Hampir saja semua orang melihat wajahnya, tapi beruntung, Allah SWT masih menutupinya, sebelum cadar itu benar-benar terlepas dari wajahnya, dia sudah menutupinya dengan kedua tangannya dan setelah itu Alvian datang memeluknya demi menutupi wajahnya.
Seandainya suaminya itu tidak datang, entah apa yang akan terjadi padanya. Sudah pasti Anita akan terus mempermalukannya, sementara dia tak bisa melakukan apapun tanpa cadar di wajahnya.
Aisha segera memakai cadarnya kembali, merapikannya lalu melihat ke arah luar mobil, mencari keberadaan Alvian yang tak nampak di manapun.
Mengingat pesan suaminya tadi, dia memutuskan untuk menunggunya disana. Dia lalu melihat jas putih milik sang suami. Aisha memegangnya. Sekelebat bayangan ketika lagi-lagi dia ada di pelukan suaminya kembali melintas.
Saat itu, untuk kedua kalinya kedua detak jantung mereka seakan menyatu, untuk kedua kalinya juga dia merasakan peluk hangat nan nyaman di sana, di dalam peluknya. Iya. Nyaman, entah mengapa itu yang dia rasakan ketika suaminya memeluknya, semakin erat semakin dirinya merasa aman.
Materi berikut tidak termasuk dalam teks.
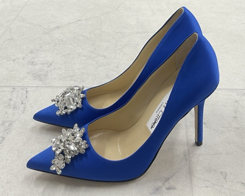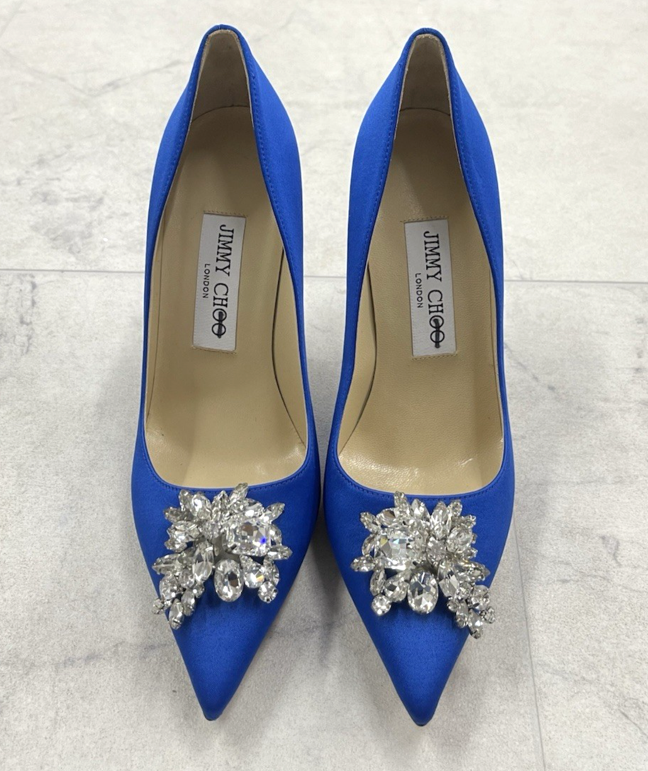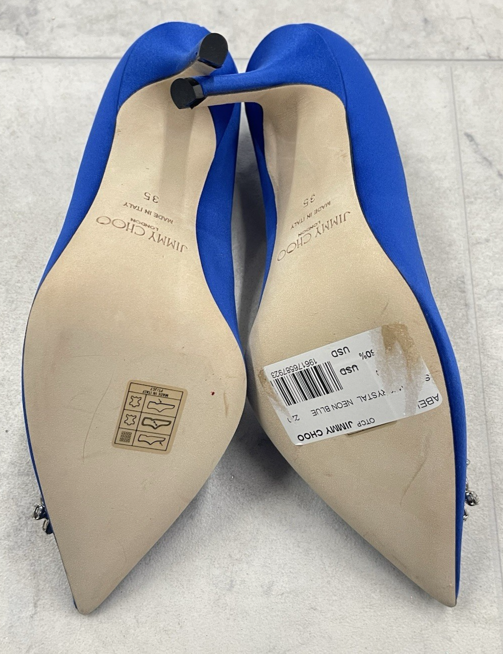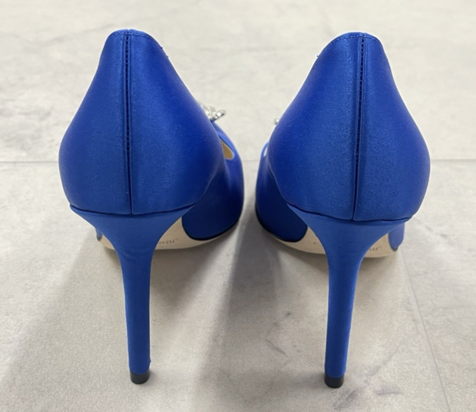 Brand: Jimmy Choo Size: 35 (5 US) Color: Blue Condition: New without a box Brand name in the interior has been blackline to avoid store returns Sole has scuffs and product sticker Measurements are approx. Width: 3" Sole: 9.5" Heel: 3.5" PLEASE FEEL FREE TO ASK QUESTIONS BEFORE PURCHASE Thank you!

Aisha terus menatap jas putih itu di tangannya, lalu memeluknya sambil melamun hingga beberapa saat, tiba-tiba dia dikagetkan oleh suara pintu mobil yang terbuka dan Alvian masuk ke dalamnya, duduk di sampingnya.
Dengan marah.
Napasnya tersengal, kedua tangannya mengepal.
Aisha terdiam, entah apa yang telah suaminya itu lakukan tadi, tapi dia tahu jika kini Alvian sedang sangat marah.
"Maafkan aku," ucap Alvian tiba-tiba.
Aisha terdiam tak menjawab.
Keduanya sama-sama terdiam sejenak.
"Apa kamu terluka?" ucap Alvian ketika emosinya mereda, dia melihat Aisha di sampingnya.
"Tidak," jawab Aisha sambil menggelengkan kepalanya.
"Syukurlah," ucap Alvian lagi terlihat lega.
"Maafkan aku," ucap Alvian lagi.
"Berhentilah meminta maaf. Dia bukan siapa-siapa anda sehingga kesalahannya menjadi tanggung jawab anda." Aisha terlihat kesal.
Alvian kaget, dia tak menyangka jika ucapannya salah.
"Iya. Aku salah," ucap Alvian pelan.
Keduanya kembali terdiam.
"Aku akan kembali ke dalam," Aisha membuka pintu mobil.
"Tunggu." Alvian refleks memegang tangan istrinya untuk menahannya.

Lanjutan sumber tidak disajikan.